Before proceeding farther, it is important to realize what the Orthodox Church understands by its use of the word Icona "Icon" without getting into the tedious historical unfolding of the theology of the Icon. Bp. Kallistos Ware gives five qualifications that should be noted regarding the priest as icon of Christ, namely;

1/ An icon is in no sense identical with that which it depicts.

2/ The priest as icon is not like an actor made up to look like Christ.

3/ According to the principal of St. Basil, we do not honour the priest "in and for himself," but rather, the honour is referred to Christ.

4/ Icons make present a reality that surpasses it, but of which it acts as a sign or symbol.

5/As an icon of the "unique high priest Christ, the ministerial priest must be male."

Bp. Ware mirrors his words with Fr. Schmemann's who said; "If the bearer, the icon and the fulfiller of that unique priesthood is a man and not woman, it is because Christ is man and not woman."(8)Suffice to say that when Orthodox Christians use the word Icon they "normally do so in the sense that these realities make present and actual the realities which they embody because of their natural competence and capacity to do so."(9)The reality in the case of priesthood as icon is Christ Himself. The Bishop or Priest is therefore the sacramental image of Christ and is as such "the living and active presence of that reality."(10)

As we are challenged to discover the validity of this model, (priest as Icon of Christ) in defending our Orthodox Church's refusal to ordain women to the priesthood, we discovere that a "reductionist" or functional view of ministry could not and cannot be possible.

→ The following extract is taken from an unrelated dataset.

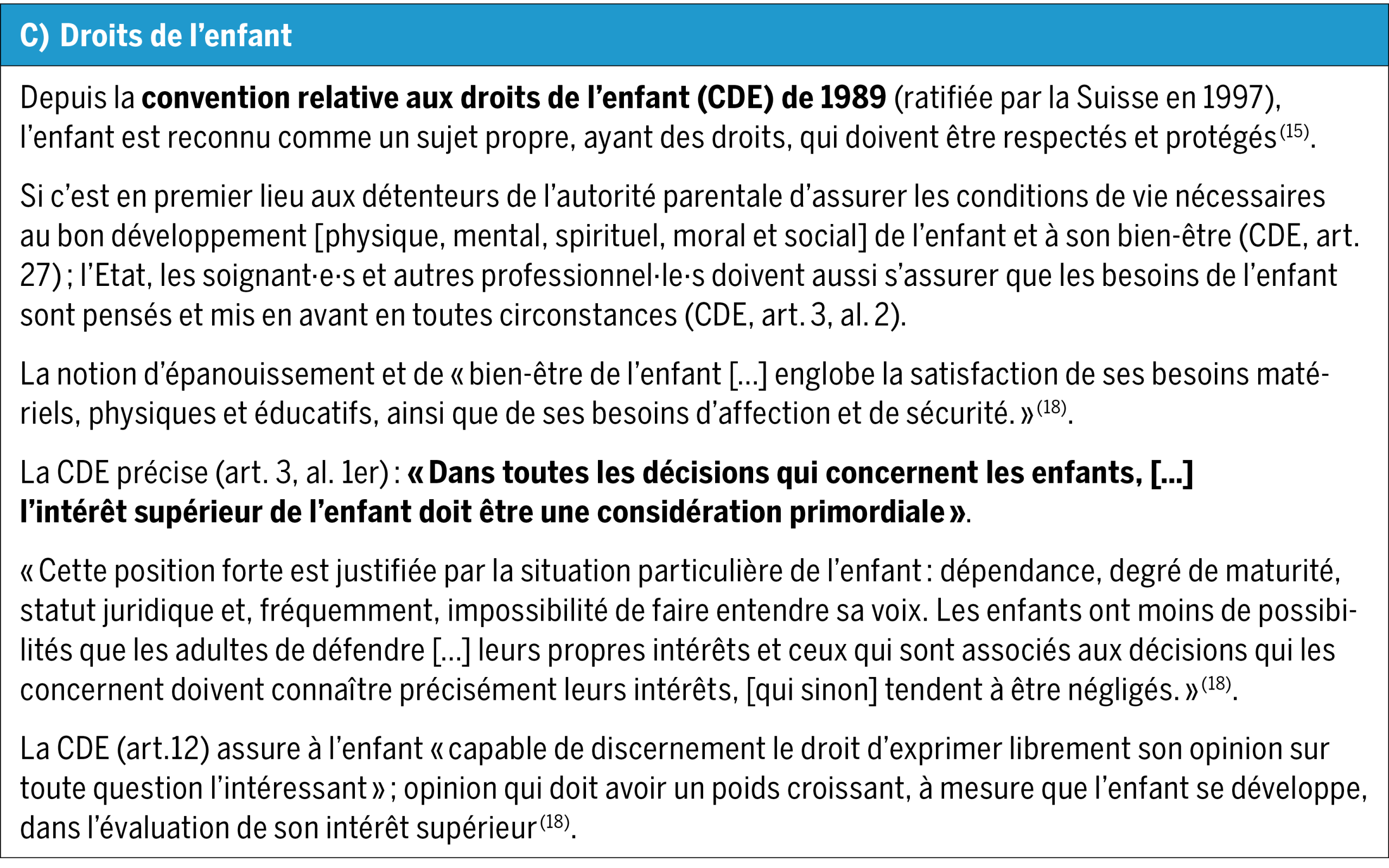 L’intérêt supérieur de l’enfant doit être placé au centre de toute réflexion et/ou décision, que ce soit par ses parents ou par les professionnel·le·s ; et l’enfant doit pouvoir participer à sa détermination (cf encadré C)(15).

What I am referring to in practical terms is that Protestantism has shifted the focus of "church" from the altar table to the pulpit, from God to congregation, and thus demoting the sacraments "to a secondary rank in popular estimation and practice."(11)

The previous point leads into a discussion on the concept of royal priesthood of believers. It is true that by our baptism and incorporation into Life and the Body of Christ, we, both male and female alike, are called upon to be receptive servants to the will of God. The dominant example given by the Church in regard to the paradigmatic expression of the perfection of the royal priesthood is St. Mary the Mother of God herself, who "was never a priest in the ministerial sense."(12)

The example of the Theotokos, the ancient order of Widows, Virgins or Deaconesses are not appropriately applied to the sacramental priesthood. Scripturally, St. Paul baldly makes the point in the Pauline exclusions in both 1 Cor. 14:34-35 and 1 Tim.2:11-12. The Orthodox Church has always had a canonical Diaconate open to women, "blessed and authenticated by the Church, linked to the priesthood of the altar, as a complementary ministry, yet distinct from it."(13) The treatment of such is beyond the scope of this paper but, there is a movement afoot in Orthodoxy to restore this noble calling for women. It should be understood that there is a sharp distinction in the diaconate and the priesthood. Both, in Orthodoxy, are 'sacramental' ordinations. It is never given to the deacon to consecrate the Eucharist nor to bless people or things. The ordination of women to the diaconate has unfortunately fallen into disuse from about the 12th century in the east. If this "order" were made available again for women, the church could eliminate the unfortunate "clericalism" that plagues her today.